▶ _INSTRUCTIONS FOR THE TASK_
Under this line sits a listing. Repeat exactly and only its lines from the one holding "年 11 月份开始施工,项目进程已完成大半。" through the one holding "125(g)対象: 3才以上賞味期限 約2か月"; skip pictures.

▶ _DATA PROVIDED_
◆ ◆ ◆
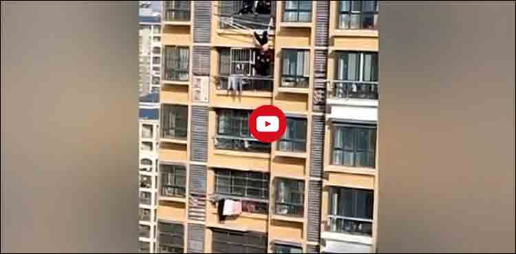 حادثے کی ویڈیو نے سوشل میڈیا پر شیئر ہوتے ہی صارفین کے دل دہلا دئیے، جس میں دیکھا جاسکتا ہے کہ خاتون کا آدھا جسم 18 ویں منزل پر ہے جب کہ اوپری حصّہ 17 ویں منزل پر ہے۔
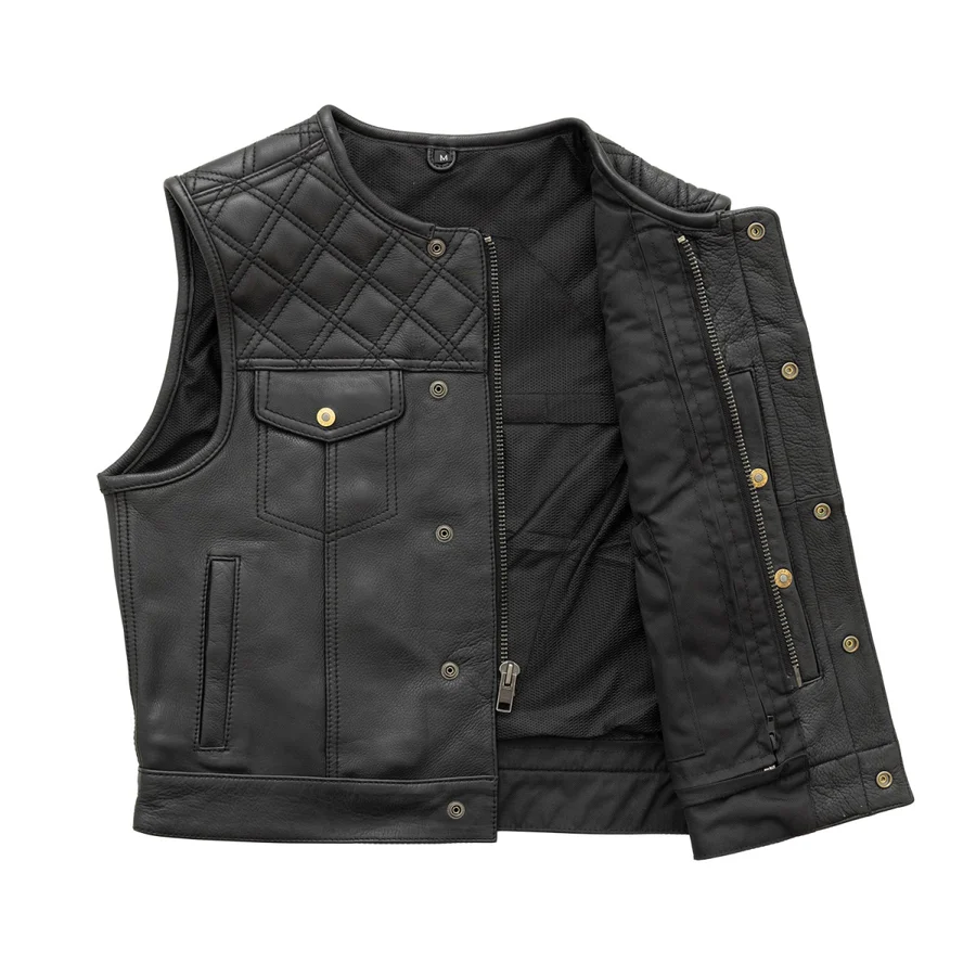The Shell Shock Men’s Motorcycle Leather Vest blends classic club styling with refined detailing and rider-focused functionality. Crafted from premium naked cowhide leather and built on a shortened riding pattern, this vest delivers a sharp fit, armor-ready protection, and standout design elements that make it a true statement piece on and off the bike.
◆ ◆ ◆
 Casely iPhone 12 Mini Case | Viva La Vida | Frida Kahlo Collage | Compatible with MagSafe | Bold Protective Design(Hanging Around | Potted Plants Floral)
◆ ◆ ◆
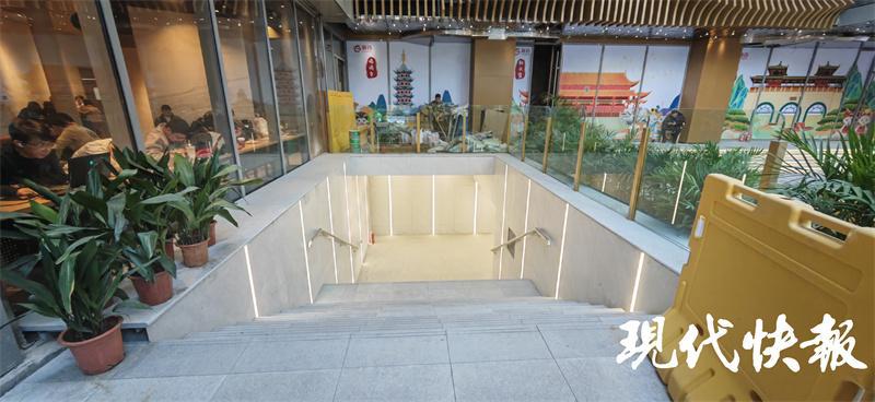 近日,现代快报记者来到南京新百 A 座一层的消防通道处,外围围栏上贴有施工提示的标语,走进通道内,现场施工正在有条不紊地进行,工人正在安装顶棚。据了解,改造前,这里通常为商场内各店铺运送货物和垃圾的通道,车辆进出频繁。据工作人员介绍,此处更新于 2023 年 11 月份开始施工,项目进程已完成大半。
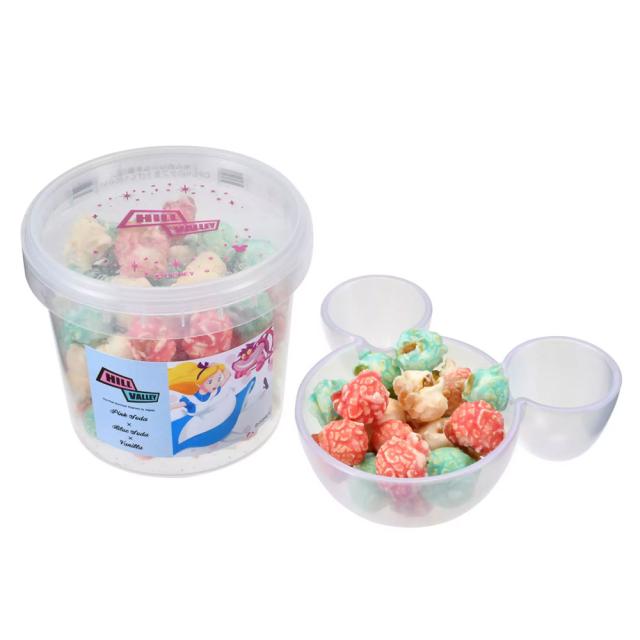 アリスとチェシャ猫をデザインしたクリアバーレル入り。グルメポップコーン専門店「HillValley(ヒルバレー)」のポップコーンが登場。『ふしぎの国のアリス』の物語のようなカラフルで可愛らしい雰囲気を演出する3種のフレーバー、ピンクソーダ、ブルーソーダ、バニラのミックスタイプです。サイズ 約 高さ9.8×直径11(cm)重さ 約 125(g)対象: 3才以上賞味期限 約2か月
◆ ◆ ◆
▶ _TASK RESULT_
 近日,现代快报记者来到南京新百 A 座一层的消防通道处,外围围栏上贴有施工提示的标语,走进通道内,现场施工正在有条不紊地进行,工人正在安装顶棚。据了解,改造前,这里通常为商场内各店铺运送货物和垃圾的通道,车辆进出频繁。据工作人员介绍,此处更新于 2023 年 11 月份开始施工,项目进程已完成大半。
 アリスとチェシャ猫をデザインしたクリアバーレル入り。グルメポップコーン専門店「HillValley(ヒルバレー)」のポップコーンが登場。『ふしぎの国のアリス』の物語のようなカラフルで可愛らしい雰囲気を演出する3種のフレーバー、ピンクソーダ、ブルーソーダ、バニラのミックスタイプです。サイズ 約 高さ9.8×直径11(cm)重さ 約 125(g)対象: 3才以上賞味期限 約2か月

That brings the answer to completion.